Archive for the '職場巡視' Category

FinePix F10は職場巡視に最適のデジカメ

産業医には、実際に従業員が仕事をしている現場の作業環境や、作業の安全性を点検する「職場巡視」という仕事があります。職場巡視を行うときにはデジタルカメラを記録を残し、報告書の作成などに役立てています。先日購入したFUJIFILMのFinePix F10は、この用途に非常に向いた、とても便利なデジタルカメラです。
 

■ 屋内でもフラッシュなしで明るい写真が撮れる

職場巡視の多くは工場やオフィスなどの屋内で行われます。
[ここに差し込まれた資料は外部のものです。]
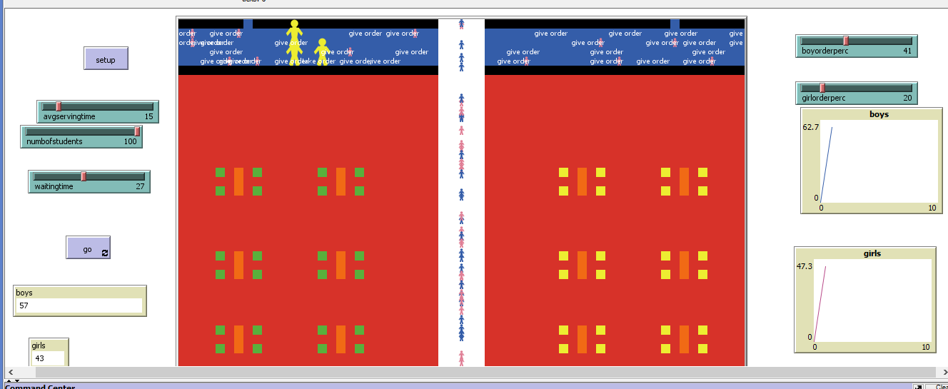 globals [tickCount ] breed [servers server] turtles-own [count-down birth-tick servingtime orderitem ] to setup clear-all setupworld reset-ticks end to setupworld ask patches [ setup-barcounter] ask patches [ setup-path ] ask patches [ setup-tables] ask patches [ setup-chairs] setupserver setup-students end to setupserver set-default-shape servers "person" ;set size 3 ask n-of 3 (patches with [pcolor = blue]) [sprout-servers 1 [set color yellow set size 3 set label "take order"]] end to setup-path if pycor < 25 and pycor > -25 [ set pcolor red ] if pxcor < 3 and pxcor > -3 [ set pcolor white ] end to setup-barcounter if pycor > 25 and pycor < 30 [ set pcolor blue] ask patch -23 30 [ set pcolor blue] ask patch 23 30 [ set pcolor blue] end to setup-tables ask patch 24 14 [ set pcolor orange] ask patch 24 13 [ set pcolor orange] ask patch 24 12 [ set pcolor orange] ask patch 24 5 [ set pcolor orange] ask patch 24 4 [ set pcolor orange] ask patch 24 3 [ set pcolor orange] ask patch 24 -14 [ set pcolor orange] ask patch 24 -13 [ set pcolor orange] ask patch 24 -12 [ set pcolor orange] ask patch 24 -5 [ set pcolor orange] ask patch 24 -4 [ set pcolor orange] ask patch 24 -3 [ set pcolor orange] ask patch 13 14 [ set pcolor orange] ask patch 13 13 [ set pcolor orange] ask patch 13 12 [ set pcolor orange] ask patch 13 5 [ set pcolor orange] ask patch 13 4 [ set pcolor orange] ask patch 13 3 [ set pcolor orange] ask patch 13 -14 [ set pcolor orange] ask patch 13 -13 [ set pcolor orange] ask patch 13 -12 [ set pcolor orange] ask patch 13 -5 [ set pcolor orange] ask patch 13 -4 [ set pcolor orange] ask patch 13 -3 [ set pcolor orange] ask patch -24 14 [ set pcolor orange] ask patch -24 13 [ set pcolor orange] ask patch -24 12 [ set pcolor orange] ask patch -24 5 [ set pcolor orange] ask patch -24 4 [ set pcolor orange] ask patch -24 3 [ set pcolor orange] ask patch -24 -14 [ set pcolor orange] ask patch -24 -13 [ set pcolor orange] ask patch -24 -12 [ set pcolor orange] ask patch -24 -5 [ set pcolor orange] ask patch -24 -4 [ set pcolor orange] ask patch -24 -3 [ set pcolor orange] ask patch -13 14 [ set pcolor orange] ask patch -13 13 [ set pcolor orange] ask patch -13 12 [ set pcolor orange] ask patch -13 5 [ set pcolor orange] ask patch -13 4 [ set pcolor orange] ask patch -13 3 [ set pcolor orange] ask patch -13 -14 [ set pcolor orange] ask patch -13 -13 [ set pcolor orange] ask patch -13 -12 [ set pcolor orange] ask patch -13 -5 [ set pcolor orange] ask patch -13 -4 [ set pcolor orange] ask patch -13 -3 [ set pcolor orange] end to setup-chairs ask patch 26 14 [ set pcolor yellow] ask patch 26 12 [ set pcolor yellow] ask patch 22 14 [ set pcolor yellow] ask patch 22 12 [ set pcolor yellow] ask patch 26 5 [ set pcolor yellow] ask patch 26 3 [ set pcolor yellow] ask patch 22 5 [ set pcolor yellow] ask patch 22 3 [ set pcolor yellow] ask patch 26 -5 [ set pcolor yellow] ask patch 26 -3 [ set pcolor yellow] ask patch 22 -5 [ set pcolor yellow] ask patch 22 -3 [ set pcolor yellow] ask patch 26 -14 [ set pcolor yellow] ask patch 26 -12 [ set pcolor yellow] ask patch 22 -14 [ set pcolor yellow] ask patch 22 -12 [ set pcolor yellow] ask patch 15 14 [ set pcolor yellow] ask patch 15 12 [ set pcolor yellow] ask patch 11 14 [ set pcolor yellow] ask patch 11 12 [ set pcolor yellow] ask patch 15 5 [ set pcolor yellow] ask patch 15 3 [ set pcolor yellow] ask patch 11 5 [ set pcolor yellow] ask patch 11 3 [ set pcolor yellow] ask patch 15 -5 [ set pcolor yellow] ask patch 15 -3 [ set pcolor yellow] ask patch 11 -5 [ set pcolor yellow] ask patch 11 -3 [ set pcolor yellow] ask patch 15 -14 [ set pcolor yellow] ask patch 15 -12 [ set pcolor yellow] ask patch 11 -14 [ set pcolor yellow] ask patch 11 -12 [ set pcolor yellow] ask patch -26 14 [ set pcolor green] ask patch -26 12 [ set pcolor green] ask patch -22 14 [ set pcolor green] ask patch -22 12 [ set pcolor green] ask patch -26 5 [ set pcolor green] ask patch -26 3 [ set pcolor green] ask patch -22 5 [ set pcolor green] ask patch -22 3 [ set pcolor green] ask patch -26 -5 [ set pcolor green] ask patch -26 -3 [ set pcolor green] ask patch -22 -5 [ set pcolor green] ask patch -22 -3 [ set pcolor green] ask patch -26 -14 [ set pcolor green] ask patch -26 -12 [ set pcolor green] ask patch -22 -14 [ set pcolor green] ask patch -22 -12 [ set pcolor green] ask patch -15 14 [ set pcolor green] ask patch -15 12 [ set pcolor green] ask patch -11 14 [ set pcolor green] ask patch -11 12 [ set pcolor green] ask patch -15 5 [ set pcolor green] ask patch -15 3 [ set pcolor green] ask patch -11 5 [ set pcolor green] ask patch -11 3 [ set pcolor green] ask patch -15 -5 [ set pcolor green] ask patch -15 -3 [ set pcolor green] ask patch -11 -5 [ set pcolor green] ask patch -11 -3 [ set pcolor green] ask patch -15 -14 [ set pcolor green] ask patch -15 -12 [ set pcolor green] ask patch -11 -14 [ set pcolor green] ask patch -11 -12 [ set pcolor green] end to setup-students reset-ticks set-default-shape turtles "person" create-turtles numbofstudents [ set color one-of [blue pink] set ycor random-ycor set heading 90 set birth-tick ticks set count-down waitingtime ; set size 2 ] ask n-of ( int (girlorderperc / 100 * count turtles with [color = pink ])) turtles ; n-of (int (0.30 * count turtles)) turtles [ movetocounter ] ask n-of ( int (boyorderperc / 100 * count turtles with [color = blue ])) turtles [ movetocounter ] end to separate-student if any? other turtles-here [ fd 1 separate-student ] end to go ;movetocounter move-turtles ask servers [ rt random 10 fd 1 if orderitem != 0 and pcolor = orange [set pcolor sky set label "placing order on table"] ;if pcolor = sky [set pcolor orange set label " Removing dish from table"] ] ask servers [ rt random 10 fd 1 if orderitem != 0 and pcolor = sky [set pcolor orange set label " Removing dish from table"] ] tick if ticks >= 1200 [stop] end to move-turtles ask turtles with [color = pink ] [ ;let targ one-of patches with[pcolor = blue] ; if
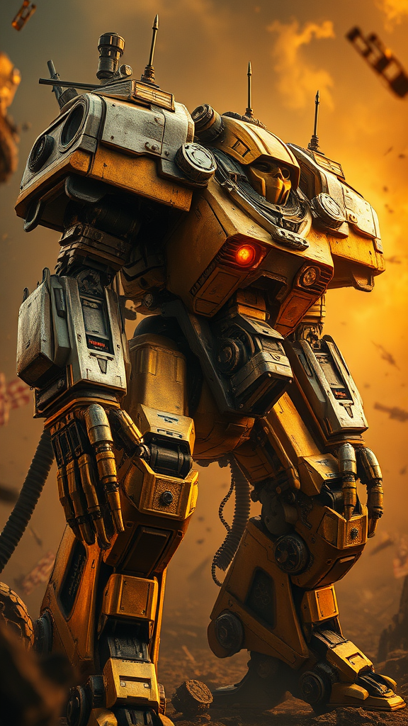 A highly detailed and masterfully crafted depiction of a powerful combat robot inspired by Warhammer 40,000, adorned in golden hues. The scene is rendered in epic realism with an HDR effect, capturing the intricate components and imposing stature of the nousr robot amidst a complex and dynamic background. Dramatic and warm lighting enhance the cinematic quality of the piece, with a hyper-detailed focus on the robot's armor, weaponry, and mechanical features. The atmosphere is one of grandeur and faded epicness, creating a sense of awe and intensity.

通常のコンパクトデジカメを使うと、屋内では暗い写真しか撮れません。かといって、あまりバシャバシャとフラッシュを光らせても作業のじゃまになります。FinePix F10はISO 800~1600の高感度で撮影できるので、屋内でも明るい写真を撮ることができます。

■ シャッタースピードが速いので手ぶれしない

フラッシュを使わずに屋内撮影をすると、通常のコンパクトデジカメではシャッタースピードが1/30~1/13秒と遅くなり、手ぶれを起こしてしまいます。その点、FinePix F10はフィルム感度が高いので、屋内でもシャッタースピードは1/120~1/60秒と速く、手ぶれを起こすことはまずありません。

■ バッテリーが長持ちする

1回の職場巡視で、多いときには200枚くらいの写真を撮ります。以前使っていたデジカメはバッテリーが小さく、職場巡視の終盤近くになるとバッテリー切れの警告が出ていました。FinePix F10は1回の充電で約500枚の撮影ができるので、いくつものフロアを一度に巡視するような時でも安心です。

■ 手ぶれ補正機能は意外と効果がない?

職場巡視のときには、現場担当者の説明を聞きながら、メモを取ったり質問をしたりしながら、短い時間であちこちをまわるため、落ち着いてシャッターを切ることはできません。手ぶれ補正機能は1~2mmのわずかな手ぶれには有効でも、大きな手ぶれを完全に補正することはできません。以前、光学手ぶれ補正機能のついたデジカメを使っていましたが、半分くらいの写真に手ぶれが残っていました。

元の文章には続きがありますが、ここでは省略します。